Hmmm OK. An extension method, perhaps? (Ah, that was funny, as I finished writing this sentence, I see @ericstj just replied, with the idea of using extension methods. :smile: )

One thing I see in both options is that some parameters won't make any sense for some trainers.

Indeed. I think though that @Ivanidzo4ka 's suggestion of ITrainerEx properties (or something like that) helps resolve that, and ultimately more gracefully than the current code.

@ericstj yes something like that. In this case however TDataset would not be generic but specifically be a RoleMappedData. And we would probably not want to make the TrainContext mutable.

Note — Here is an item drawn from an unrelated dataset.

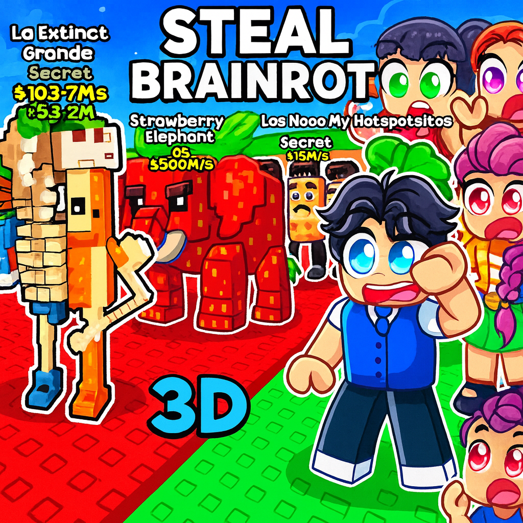 Steal Brainrot 3D reveals a tactical world full of strange rhythms with the appeal of Italian meme creatures. Ballerina Cappuccino, Tralalelo Tralala, and many other quirky mascots form a rich system.

Oh I somehow missed that @eerhardt had replied before @zeahmed hi Eric. 👋

The use of an actual abstract base class may be possible. We of course were using multiple inheritance in this very thing (since an IValidatingIncrementalTrainer would descend from both IValidatingTrainer and IIncrementalTrainer), but part of this proposal is that I'm getting rid of that mechanism anyway so that's a moot point. There is also this strange thing IHasLabelGains : ITrainer but that thing seems useless anyway. (Maybe there was some prior mechanism that needed this somehow.)

Edit: That would also resolve the strange thing with ITrainerEx.

A separate design question on this hierarchy: Why do we have the need for interface ITrainer<in TDataSet> if TDataSet is always RoleMappedData?

I considered proposing this as well. It may be a good idea... the only time that generic interface has been useful is when we've changed it, but when we've changed it, we've changed it everywhere... e.g., ITrainer implementations were initially (as far as I know) ITrainer<Instances> then they changed to ITrainer<IDataView> then they were ITrainer<RoleMappedData> and now we propose making them ITrainer<TrainContext> (or some other class name than TrainContext, please feel free to suggest another name.) But otherwise that's just a needless complication, and it's weird to say, "hey we have this generic so that when we inevitably break everything the transition is a bit easier. :smile:"

Just to summarize, this is what I get from @eerhardt, @ericstj, @zeahmed, and @Ivanidzo4ka into a more or less basic POR.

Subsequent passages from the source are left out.